What are the key examination findings in terms of truncal tone, neck tone and shoulder girdle that prove hypotonia
Truncal tone: suspend the infant with the abdomen held in the hand, the baby will drape
Neck tone: gently pull the baby up and forward by
pulling both arms at the same time, the infant will not be able to resist gravity and the head will become fully
extended
Shoulder girdle: suspend the infant vertically with
hands in the axillae. Floppy infants will slip through the
hands as they will not adduct the arms and fix the
shoulders
How can you differentiate between central and peripheral hypotonia?
central: "strong floppy" ● Truncal weakness, but sustained limb strength ● Increased tendon reflexes ● Upgoing plantars ● Sustained clonus ● Global developmental delay ● Syndromic features - e.g. trisomy 21
peripheral: "weak floppy" Weak cry ● Weak cough ● Poor swallow ● Abnormal breathing pattern ● Frog leg position ● Decreased tendon reflexes ● Downgoing plantars ● Social development may be normal
What are the differentials for a floppy infant?
Central:
Down’s syndrome, Prader-Willi, hypoxic-ischaemic
encephalopathy, congenital infection (e.g. CMV)

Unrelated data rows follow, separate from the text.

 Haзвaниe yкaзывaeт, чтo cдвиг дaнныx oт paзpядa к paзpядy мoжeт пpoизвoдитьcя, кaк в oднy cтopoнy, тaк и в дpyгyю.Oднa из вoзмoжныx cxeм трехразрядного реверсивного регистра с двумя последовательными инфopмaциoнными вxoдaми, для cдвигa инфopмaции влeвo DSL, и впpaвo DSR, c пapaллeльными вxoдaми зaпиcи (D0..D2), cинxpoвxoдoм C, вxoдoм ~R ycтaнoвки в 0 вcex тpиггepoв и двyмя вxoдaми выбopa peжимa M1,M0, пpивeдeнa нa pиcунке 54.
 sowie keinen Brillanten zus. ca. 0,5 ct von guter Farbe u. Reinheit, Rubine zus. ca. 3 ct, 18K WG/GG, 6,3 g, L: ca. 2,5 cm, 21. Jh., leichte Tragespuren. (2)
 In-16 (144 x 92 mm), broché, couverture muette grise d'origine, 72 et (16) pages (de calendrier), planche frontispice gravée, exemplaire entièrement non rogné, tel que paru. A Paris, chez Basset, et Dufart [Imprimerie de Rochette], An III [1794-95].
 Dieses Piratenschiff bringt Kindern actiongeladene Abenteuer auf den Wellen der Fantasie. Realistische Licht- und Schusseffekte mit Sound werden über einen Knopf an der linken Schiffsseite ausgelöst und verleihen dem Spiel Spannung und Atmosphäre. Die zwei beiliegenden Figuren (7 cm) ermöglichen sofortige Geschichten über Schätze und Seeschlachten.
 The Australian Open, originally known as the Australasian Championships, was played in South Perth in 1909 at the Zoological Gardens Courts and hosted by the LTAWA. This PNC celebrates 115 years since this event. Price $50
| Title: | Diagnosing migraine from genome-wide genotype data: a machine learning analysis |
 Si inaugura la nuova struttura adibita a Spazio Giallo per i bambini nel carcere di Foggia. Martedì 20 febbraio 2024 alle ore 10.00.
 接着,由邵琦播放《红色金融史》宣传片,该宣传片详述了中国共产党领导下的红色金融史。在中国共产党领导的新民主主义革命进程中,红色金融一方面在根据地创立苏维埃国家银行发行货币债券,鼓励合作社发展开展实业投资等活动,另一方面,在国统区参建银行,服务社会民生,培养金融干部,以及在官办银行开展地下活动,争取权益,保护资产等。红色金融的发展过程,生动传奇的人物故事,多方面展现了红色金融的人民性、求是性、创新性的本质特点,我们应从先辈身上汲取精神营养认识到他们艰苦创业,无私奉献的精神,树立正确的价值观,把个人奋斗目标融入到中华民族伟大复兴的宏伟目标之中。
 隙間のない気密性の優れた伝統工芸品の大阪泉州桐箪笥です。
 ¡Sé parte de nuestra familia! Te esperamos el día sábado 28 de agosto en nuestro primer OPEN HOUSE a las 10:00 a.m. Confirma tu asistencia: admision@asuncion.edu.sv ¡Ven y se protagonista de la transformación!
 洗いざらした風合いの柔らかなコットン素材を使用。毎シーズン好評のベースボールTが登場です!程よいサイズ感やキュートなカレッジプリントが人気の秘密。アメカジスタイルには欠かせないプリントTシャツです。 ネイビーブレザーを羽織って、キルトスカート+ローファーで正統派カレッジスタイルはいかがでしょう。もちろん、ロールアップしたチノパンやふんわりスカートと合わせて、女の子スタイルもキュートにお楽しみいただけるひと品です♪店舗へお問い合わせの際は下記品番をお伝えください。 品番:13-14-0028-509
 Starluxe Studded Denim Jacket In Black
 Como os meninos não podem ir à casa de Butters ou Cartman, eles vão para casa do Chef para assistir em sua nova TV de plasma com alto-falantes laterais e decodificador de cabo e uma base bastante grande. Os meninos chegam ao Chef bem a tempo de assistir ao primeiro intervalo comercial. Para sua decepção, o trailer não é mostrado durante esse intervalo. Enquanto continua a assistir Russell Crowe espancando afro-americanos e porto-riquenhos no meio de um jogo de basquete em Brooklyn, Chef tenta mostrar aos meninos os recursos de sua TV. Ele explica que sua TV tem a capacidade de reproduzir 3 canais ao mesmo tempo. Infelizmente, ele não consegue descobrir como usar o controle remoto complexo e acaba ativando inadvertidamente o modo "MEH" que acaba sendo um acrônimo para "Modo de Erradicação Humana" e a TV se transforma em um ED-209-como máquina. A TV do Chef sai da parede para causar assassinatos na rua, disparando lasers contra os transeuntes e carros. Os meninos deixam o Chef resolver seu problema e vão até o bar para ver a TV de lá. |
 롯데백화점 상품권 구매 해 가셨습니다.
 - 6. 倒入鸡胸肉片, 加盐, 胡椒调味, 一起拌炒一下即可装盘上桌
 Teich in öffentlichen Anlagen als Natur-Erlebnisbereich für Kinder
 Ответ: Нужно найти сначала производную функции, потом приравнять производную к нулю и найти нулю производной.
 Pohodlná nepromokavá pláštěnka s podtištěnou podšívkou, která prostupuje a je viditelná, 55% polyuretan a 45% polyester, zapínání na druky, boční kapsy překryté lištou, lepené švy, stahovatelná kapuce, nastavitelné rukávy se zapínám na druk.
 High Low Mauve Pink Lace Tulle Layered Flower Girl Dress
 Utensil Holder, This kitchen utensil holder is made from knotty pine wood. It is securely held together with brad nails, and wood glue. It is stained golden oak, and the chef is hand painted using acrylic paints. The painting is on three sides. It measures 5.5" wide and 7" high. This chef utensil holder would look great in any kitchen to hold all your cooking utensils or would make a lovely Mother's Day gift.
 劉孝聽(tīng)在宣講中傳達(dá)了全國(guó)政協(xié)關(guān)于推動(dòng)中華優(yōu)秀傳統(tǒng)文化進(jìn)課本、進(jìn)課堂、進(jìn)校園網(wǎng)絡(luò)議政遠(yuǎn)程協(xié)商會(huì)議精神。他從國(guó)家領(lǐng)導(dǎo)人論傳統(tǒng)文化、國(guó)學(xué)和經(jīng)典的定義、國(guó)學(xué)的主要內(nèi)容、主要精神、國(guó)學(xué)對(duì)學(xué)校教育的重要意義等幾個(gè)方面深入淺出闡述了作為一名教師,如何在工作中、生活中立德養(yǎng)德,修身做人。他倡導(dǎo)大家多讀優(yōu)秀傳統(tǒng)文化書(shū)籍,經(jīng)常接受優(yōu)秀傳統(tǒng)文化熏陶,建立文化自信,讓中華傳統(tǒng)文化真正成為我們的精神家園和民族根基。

Peripheral: Spinal Muscular Atrophy, Charcot-Marie-Tooth, Guillain-Barré,
Myasthenia gravis, Muscular dystrophies
Connective tissue disease: Ehlers Danlos, Marfan’s
Metabolic: Hypokalaemia, hypophosphataemia, rickets
Other: Hypothyroidism, Infection, Benign congenital hypotonia (diagnosis of exclusion)
What are muscular dystrophies?
- > A group of inherited disorders with progressive muscle degeneration.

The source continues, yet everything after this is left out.